__YOUR GOAL__:
Copy out exactly the lines spanning the line with "O 'Duplo Melt" to the line with "相比之下,寶馬X7則是采用家", inclusive, from the data underneath, with no pictures.

────────────────────

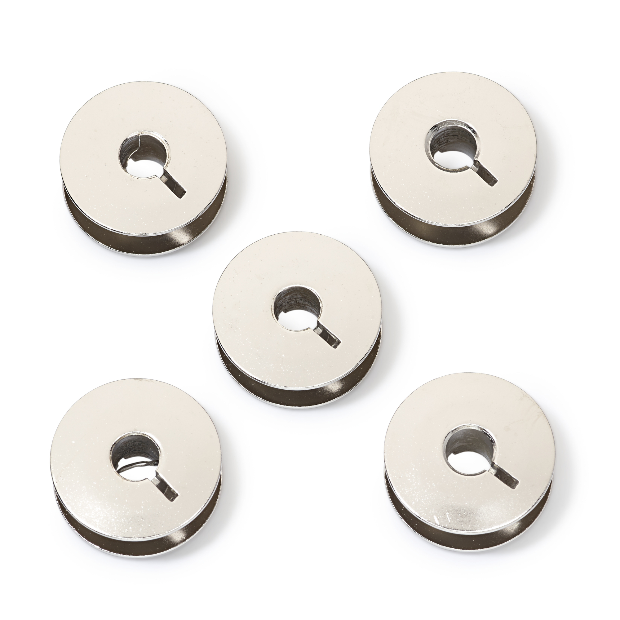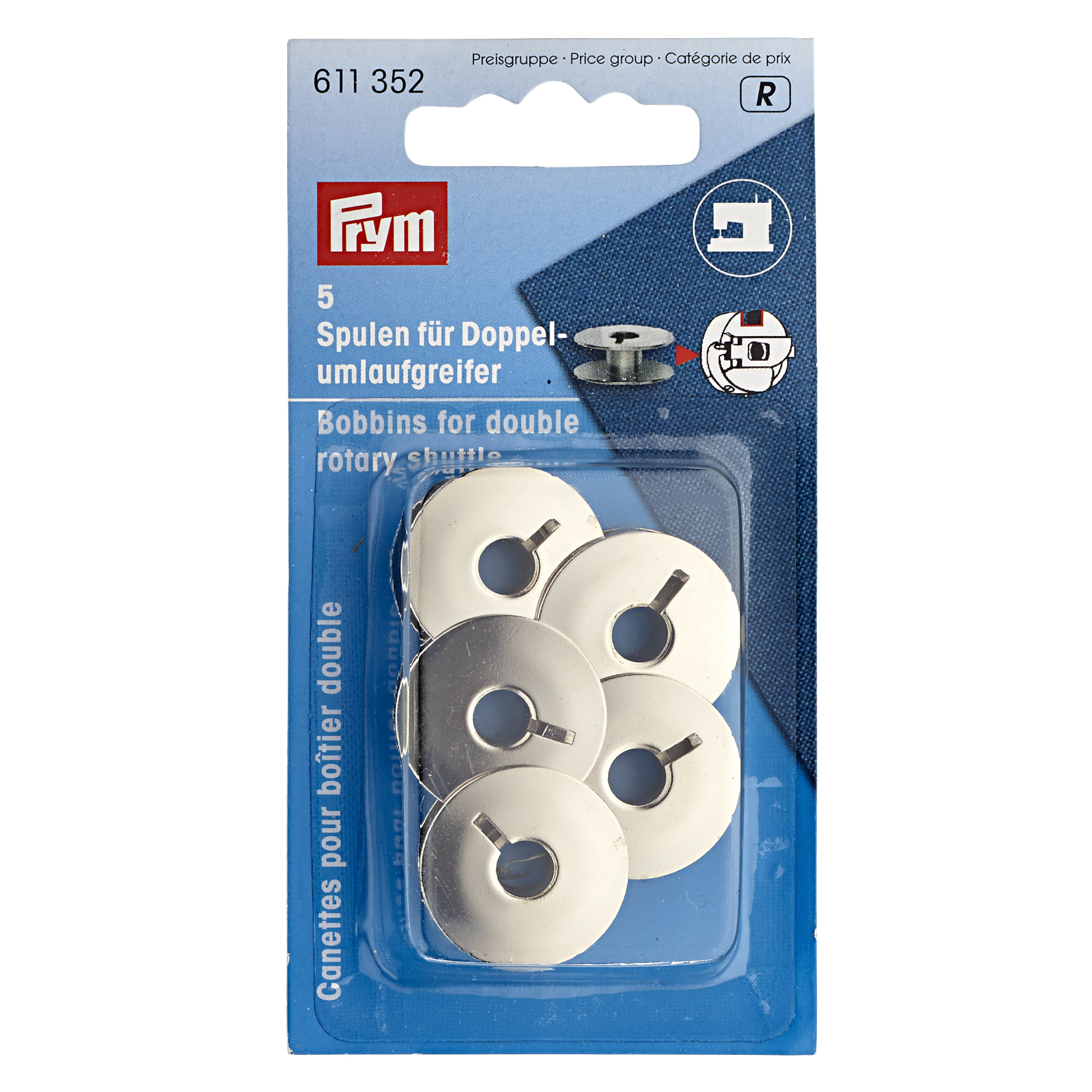 The rotary bobbin hook and the double-rotary bobbin hook are the most robust and easy-care for the majority of systems that are mainly installed in high-priced and industrial sewing machines. Prym offers the corresponding bobbins for small rotary bobbin hooks and the double-rotary bobbin hook made of metal of five units or transparent plastic of four units. The bobbins made of transparent plastic help to keep an overview of thread colours and quantity remaining, while the metal bobbins have a significantly longer service life due to the additional robustness of their material. Manufacturers of sewing machines that use this system are, among others SINGER, DÜRR KOPP, PFAFF and CHAMPION.
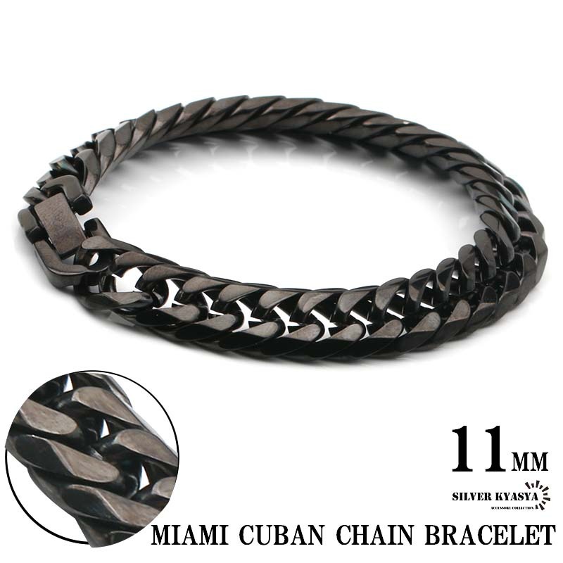 - チェーンブレスレット 6面カット ダブル喜平チェーンブレスレット 幅11mmブレスレット ステンレス 黒 ブラック
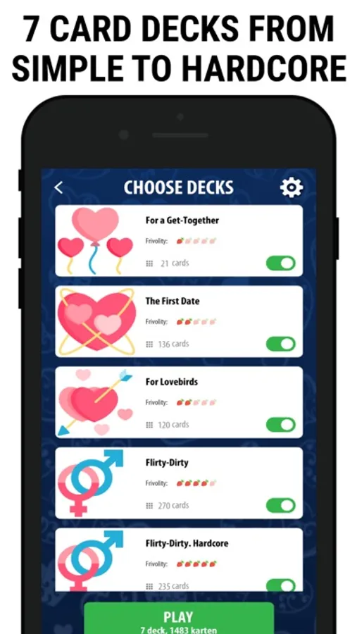 + 1500 game cards of various difficulty. From the most simple and innocent to really hardcore
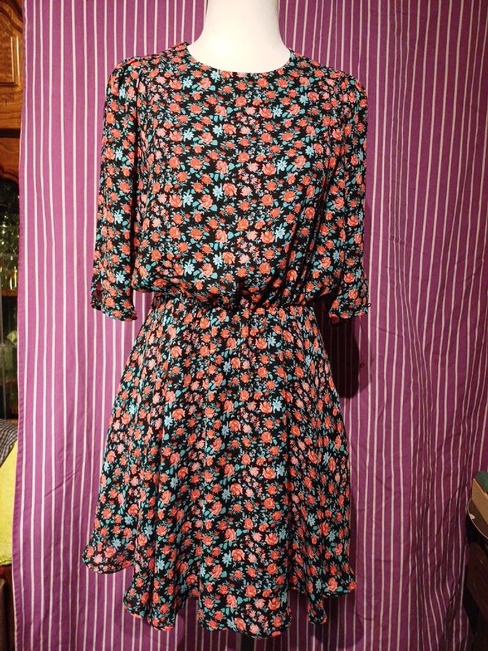 Jupe évasée manches péplum 3/4 avec doublure tour de poitrine 108cm Longueurs 87cm
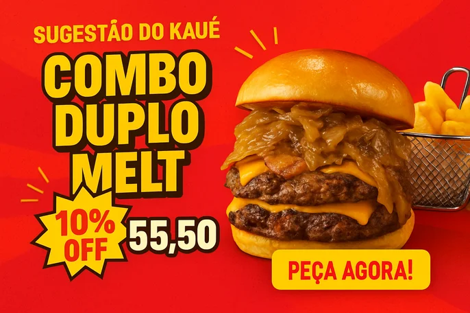 O 'Duplo Melt Burguer', uma tentação gourmet inigualável da nossa categoria 'Combos Premium', é uma verdadeira sinfonia de sabores. Este prato majestoso apresenta duas carnes artesanais de 120g cada, primorosamente temperadas e grelhadas à perfeição, garantindo uma suculência indescritível. Cada hambúrguer, deliciosamente confeccionado, é regiamente coberto com um manto de queijo cheddar derretido, conferindo uma profundidade extra de sabor e um toque de cremosidade luxuosa. Acompanha nossa esplêndida cebola caramelizada, que oferece um contraponto doce e sofisticado à pujança do queijo e da carne. E, é claro, o indispensável bacon, irresistivelmente crocante e saboroso, que acrescenta uma textura apaixonante ao conjunto. Tudo isso é delicadamente acondicionado em um pão de brioche macio e leve, que agrega um acabamento final perfeito a este prato indulgente. Um convite irresistível ao prazer gastronômico. Experimente e se deleite!
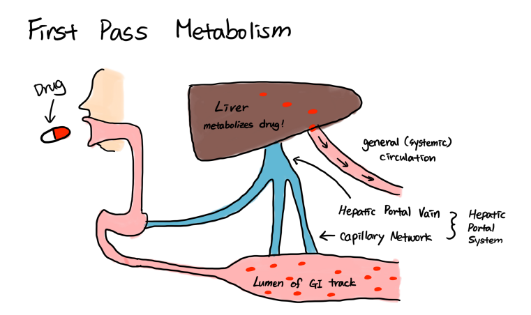즉, 흡수가 되지만 간에서 대사를 받은 후 전신 순환계로 가므로 흡수율이 떨어지는 경향이 있다.
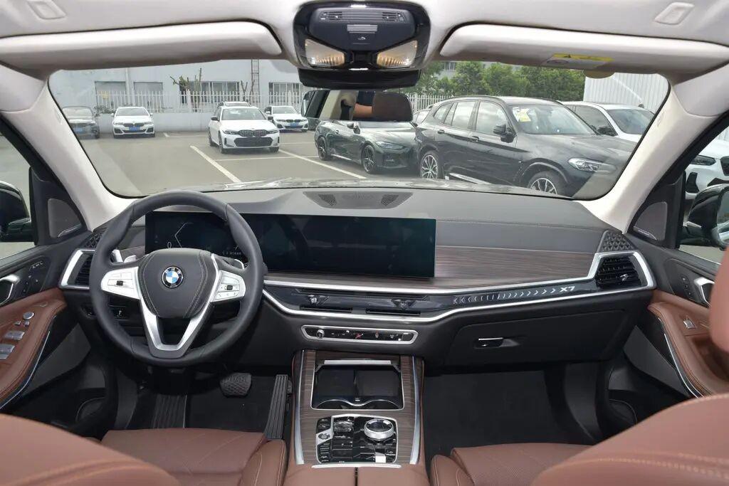 相比之下,寶馬X7則是采用家族式最新的設計語言,尺寸巨大的雙腎式進氣格柵以及分體造型的頭燈組合,整個前臉看起來頗為科幻犀利。另外側面也是標準的全尺寸SUV形象,如果單從身板來看的話,這款寶馬X7絕對稱得上是巨無霸。不過較為平淡的線條勾勒,視覺效果并沒有攬勝運動版表現出色。車尾部分,寶馬X7使用上窄下寬的整體布局,對稱設計的尾燈組合,中間加入了鍍鉻飾條進行橫貫,進一步延展了視覺寬度,搭配下方雙邊雙出的排氣布局,論起運動感營造,其表現還是比較到位的。
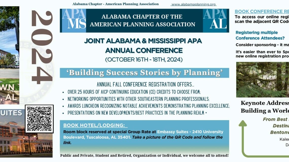 The Alabama Chapter of the American Planning Association, through its Annual Awards Program, seeks to recognize the notable contributions and achievements of planning professionals, elected or lay persons, the media and our state planning students. Additionally, the chapter seeks to recognize outstanding planning programs, plans and projects prepared and implemented by local governments, private consultants, as well as other local organizations and agencies throughout the state.
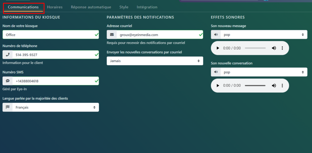 Si vous avez sélectionné l’onglet Communications, vous pouvez modifier les paramètres du kiosque, de la notification et des effets sonores.
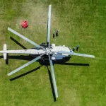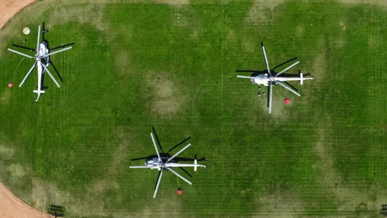 Muğla’daki yangınlara havadan müdahale eden helikopterlerin stadyumdaki ikmal alanı ile helikopter ve personellerin göreve hazırlanışı havadan görüntülendi.
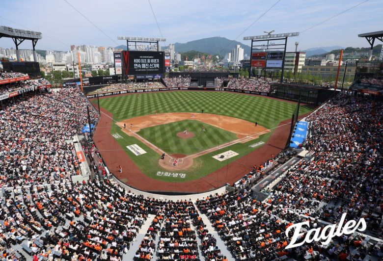 하지만 신구장 첫해 홈경기 연속 매진이 이어지며 한화가 리그의 새 역사를 계속해서 써내려가고 있다. 이날까지 27번 열린 홈경기의 총 관중은 45만6268명으로, 경기당 평균 1만6898명이 입장했다. 매진이 되지 않은 경기는 단 3경기, 좌석점유율은 99.4%에 달한다.
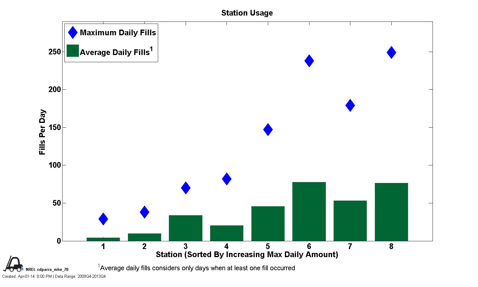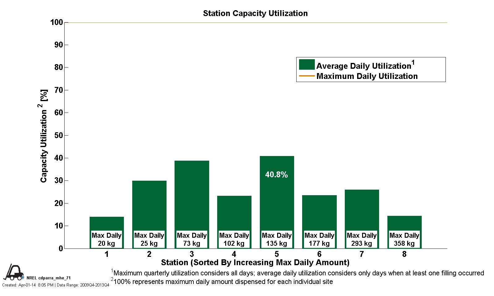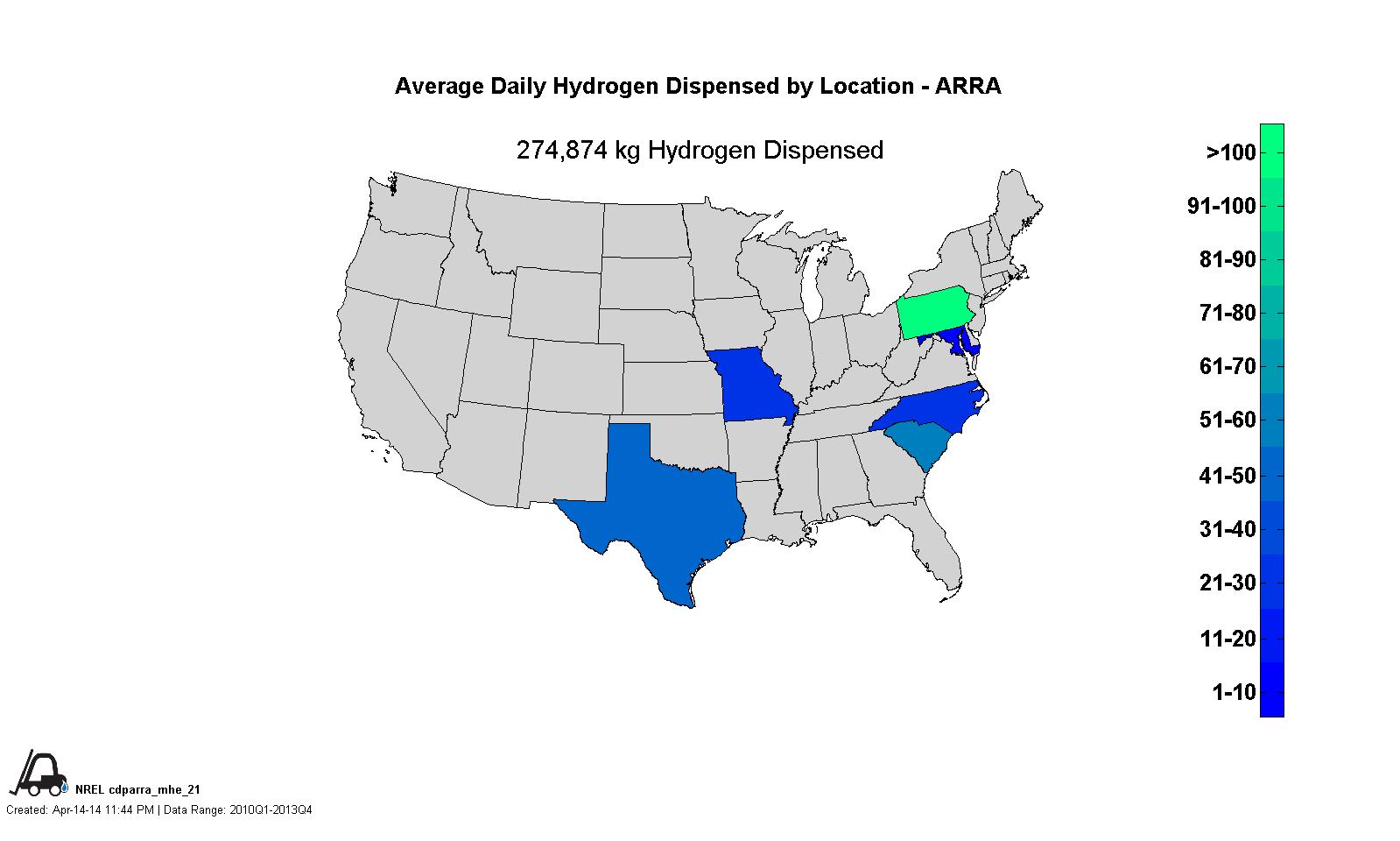 Average Daily Dispensed Hydrogen Map, CDP ARRA MHE 21, 4/14/2014

────────────────────

__EXERCISE RESULT__:
 O 'Duplo Melt Burguer', uma tentação gourmet inigualável da nossa categoria 'Combos Premium', é uma verdadeira sinfonia de sabores. Este prato majestoso apresenta duas carnes artesanais de 120g cada, primorosamente temperadas e grelhadas à perfeição, garantindo uma suculência indescritível. Cada hambúrguer, deliciosamente confeccionado, é regiamente coberto com um manto de queijo cheddar derretido, conferindo uma profundidade extra de sabor e um toque de cremosidade luxuosa. Acompanha nossa esplêndida cebola caramelizada, que oferece um contraponto doce e sofisticado à pujança do queijo e da carne. E, é claro, o indispensável bacon, irresistivelmente crocante e saboroso, que acrescenta uma textura apaixonante ao conjunto. Tudo isso é delicadamente acondicionado em um pão de brioche macio e leve, que agrega um acabamento final perfeito a este prato indulgente. Um convite irresistível ao prazer gastronômico. Experimente e se deleite!
즉, 흡수가 되지만 간에서 대사를 받은 후 전신 순환계로 가므로 흡수율이 떨어지는 경향이 있다.
 相比之下,寶馬X7則是采用家族式最新的設計語言,尺寸巨大的雙腎式進氣格柵以及分體造型的頭燈組合,整個前臉看起來頗為科幻犀利。另外側面也是標準的全尺寸SUV形象,如果單從身板來看的話,這款寶馬X7絕對稱得上是巨無霸。不過較為平淡的線條勾勒,視覺效果并沒有攬勝運動版表現出色。車尾部分,寶馬X7使用上窄下寬的整體布局,對稱設計的尾燈組合,中間加入了鍍鉻飾條進行橫貫,進一步延展了視覺寬度,搭配下方雙邊雙出的排氣布局,論起運動感營造,其表現還是比較到位的。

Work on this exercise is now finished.